In 1108, my city, but also yours, it was made of wooden houses. Pigs foraged in the streets, and wolves howled at the foot of the walls of mud. In my town, not in yours, there was the most prestigious Bishop’s School in Europe. For example, I could tell the story of a student at Reims, who, wanting to drink from our fount of wisdom, left his native town and walked beneath the blazing sun, driving rain and wind for months. To pay for his travel and lodging, he led a caravan of cloth from Flanders ready to take away the precious wool from the fleece of Padanian sheep away in return. But, basically, it’s a story that’s too polluted by money, a banal one with no sense of the olden days. Why talk about it?
Perhaps I should talk about Bertrando, my fellow townsman, who after joining the first Crusade and living for a few years in Jerusalem, returned home in 1108, telling everyone how they had huge lions in front of the churches, in the Orient. He insisted on putting the same lions here, even though the lions in our churches are more beautiful.
But no, I prefer the story of Gherardino Segalello, an uneducated peasant who wanted to become a monk.

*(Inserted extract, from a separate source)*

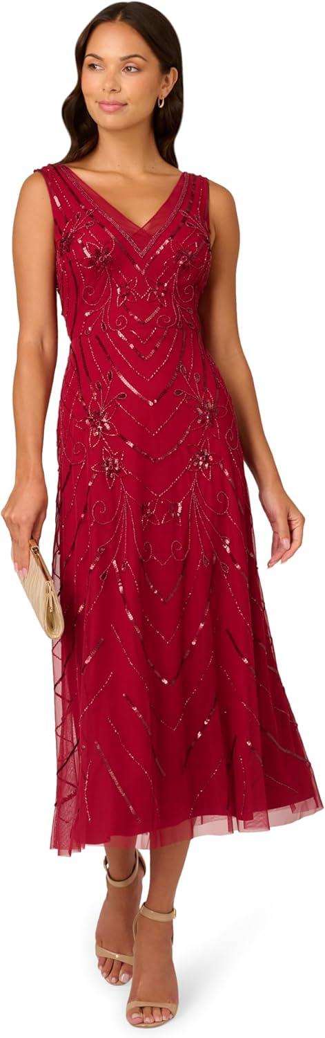Adrianna Papell Women’s Beaded Mesh Dress(Cranberry)
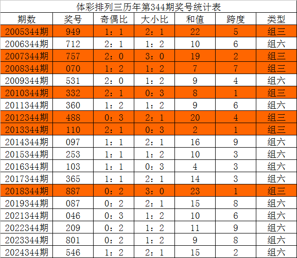 体彩排列三历年第344期开出奖号分别为:949、712、757、070、531、332、360、488、110、097、253、103、365、887、087、046、209、801、546。统计详见下表:

Rejected by the Church, he cut his cloak into the shape of those worn by the Apostles in the medieval pictures, and wandered the countryside preaching on his own account. He used to enter people’s houses shouting “penitenziàgite, penitezniàgite”. He began gathering followers and, as he advocated the pleasures of the flesh, the only way of achieving purity, the number of his Apostles began to grow very quickly. This was followed by intense moments of prayer and colossal orgies. All this happened years and years after 1108, and until – unfortunately – Segalello was burned in the village square. In the square of my home town. And since I don’t like to talk about things off topic that don’t put my town in a good light, we will stay with 1108. In that year, in our region, there were a few noblemen who had studied at the Bishop’s School. One of them, Sinibaldo, was summoned by the emperor to the Imperial secretary. He would have become a great Chancellor. But he had a father, Uberto, who wanted him to be mayor of a nearby town. He wanted him to be on the side of the free cities, not of the Empire. Sinibaldo, still undecided between Lombardy and Germany, was racked by dysentery. And died in 1108. But why tell a banal tale of stomach ache and intestine cramps? There is a better one, the story of little Ugo, the son of Bernard, the merchant. He went with his father to the fair of San Siro, held every year at the place where is the river running through my town opens into the Po. And there he would run, among the jars of oil from Liguria, piles of salt from Romagna, the spices brought from Pisa and Genoa, and the Venetian damasks. He would sniff the acrid smell of donkeys, mules, oxen and horses, watching the boats sliding across the water, and listen to foreigners speaking unknown languages. He would wash his feet in the river. But who is interested in that story?